Thursday, March 1, 2012

Exploring free questionnaire data with anchor variables: An illustration based on a study of IT in healthcare


A new article discussing methodological issues based on WarpPLS is available. The article is titled “Exploring free questionnaire data with anchor variables: An illustration based on a study of IT in healthcare”. It has been recently published in the International Journal of Healthcare Information Systems and Informatics. A full text version of the article is available here as a PDF file. Below is the abstract of the article.

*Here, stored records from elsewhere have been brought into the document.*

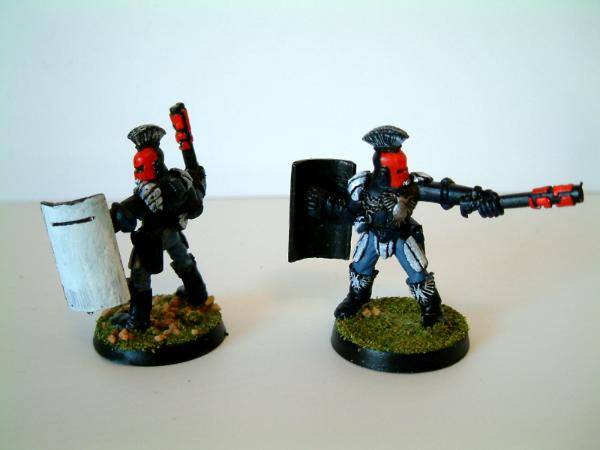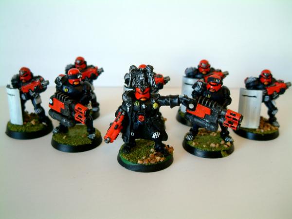 Orinoco wrote:Good work. Can you tell us about putting together your repressor? I've heard horrors about the kit and was wondering if you had any insight as to it's construction. I didn't have much trouble actually. I think the problem is that the repressor kit is mainly two huge pieces - you get the whole riot shield as one piece and the whole top/back section as one piece, so if one of those is miscast or warped then you're going to have a nightmare. I had one warped riot shield corner which wasn't too much trouble, but other than and the usual GS filling, my kits were fine! warboss wrote:looks good! i thought you were just lampooning a certain someone with your "arbites are the bestest eVAR army and must haz their own codex" post but i guess you really do like them.  Oh I was definitely taking the piss - I wouldn't really expect there to be any mention of Arbites in the new Inquisition codices....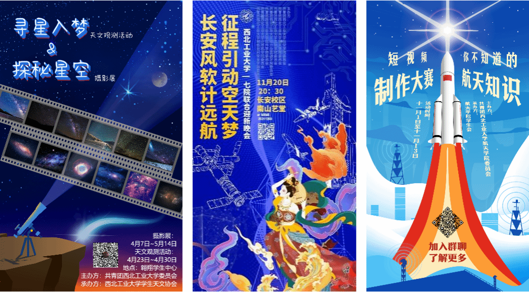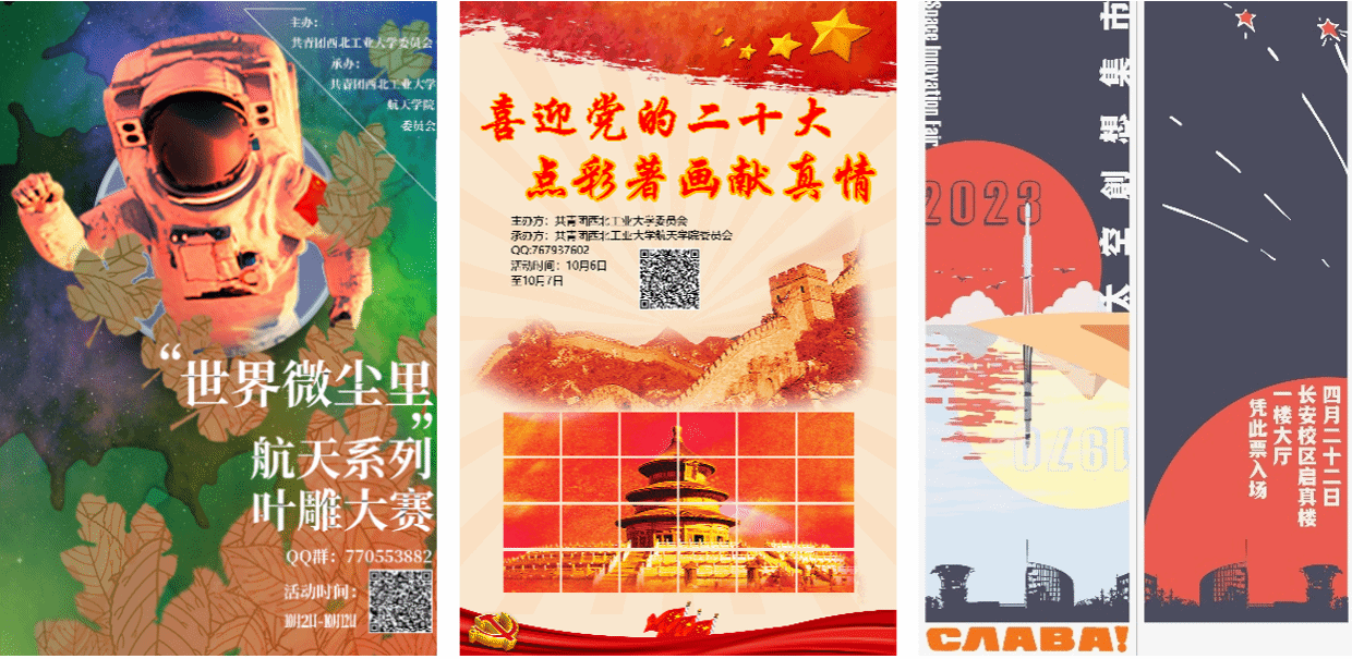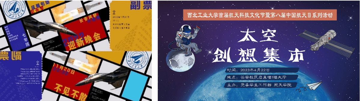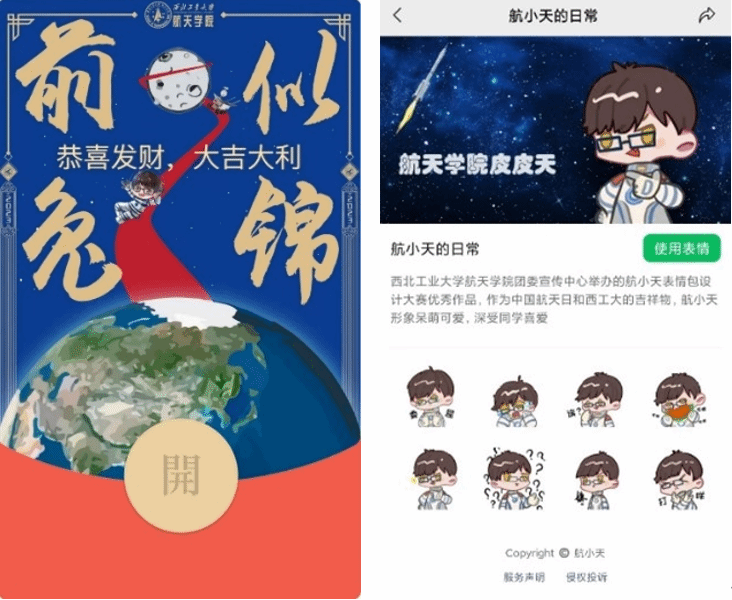 他们始终宣扬航天精神。中心在微信表情包商城上线“航小天的日常”微信表情包;结合航天特色设计春节微信红包封面;筹办西北工业大学首届航天科技文化节之太空创想集市活动,进行航天长卷线稿设计。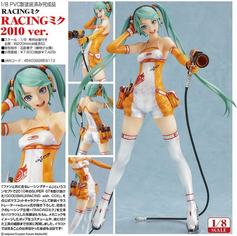 「RACINGミク 2010 ver.」 發售日期:5 月 製作單位:グッドスマイルレーシング 定 價:7800 日圓 備 註:1/8 PVC 塗裝完成品,全高約 200 mm |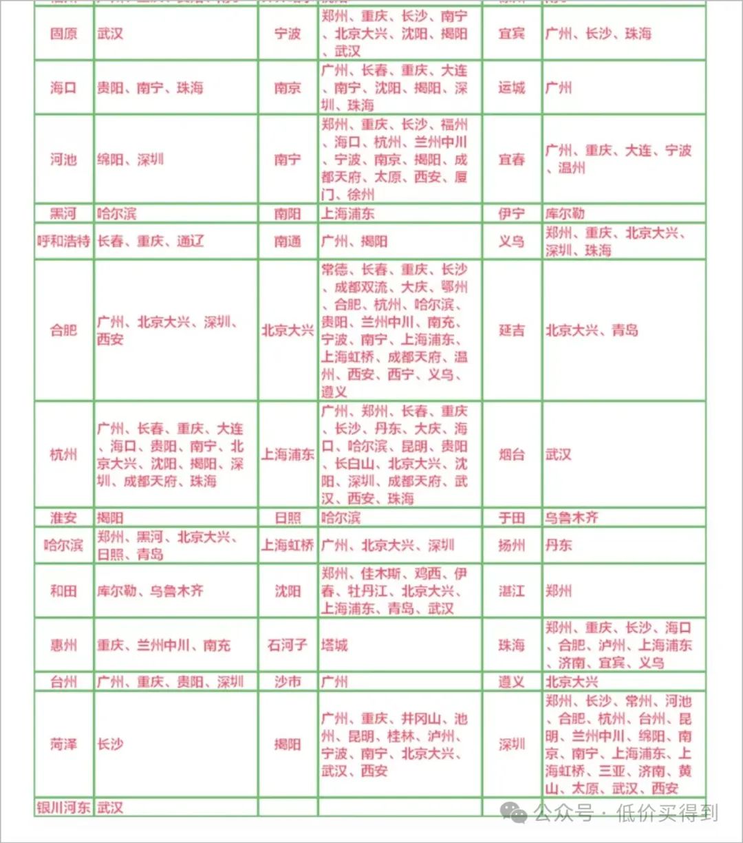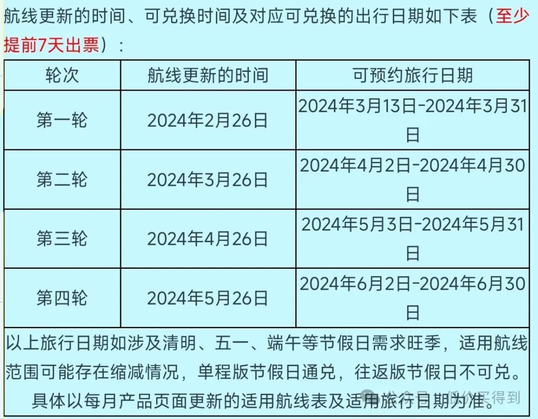 每轮更新航线,对应航班适用日期如下,最晚可到6月30日。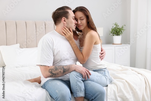 Cute couple spending time together on bed at home

This paper makes an important methodological contribution regarding the use of free questionnaires, illustrated through a study that shows that a healthcare professional’s propensity to use electronic communication technologies creates opportunities for interaction with other professionals, which would not otherwise be possible only via face-to-face interaction. This in turn appears to increase mutual trust, and eventually improve the quality of group outcomes. Free questionnaires are often used by healthcare information management researchers. They yield datasets without clear associations between constructs and related indicators. If such associations exist, they must first be uncovered so that indicators can be grouped within latent variables referring to constructs, and structural equation modeling analyses be conducted. A novel methodological contribution is made here through the proposal of an anchor variable approach to the analysis of free questionnaires. Unlike exploratory factor analyses, the approach relies on the researcher’s semantic knowledge about the variables stemming from a free questionnaire. The use of the approach is demonstrated using the multivariate statistical analysis software WarpPLS 2.0. The study leads to a measurement model that passes comprehensive validity, reliability, and collinearity tests. It also appears to yield practically relevant and meaningful results.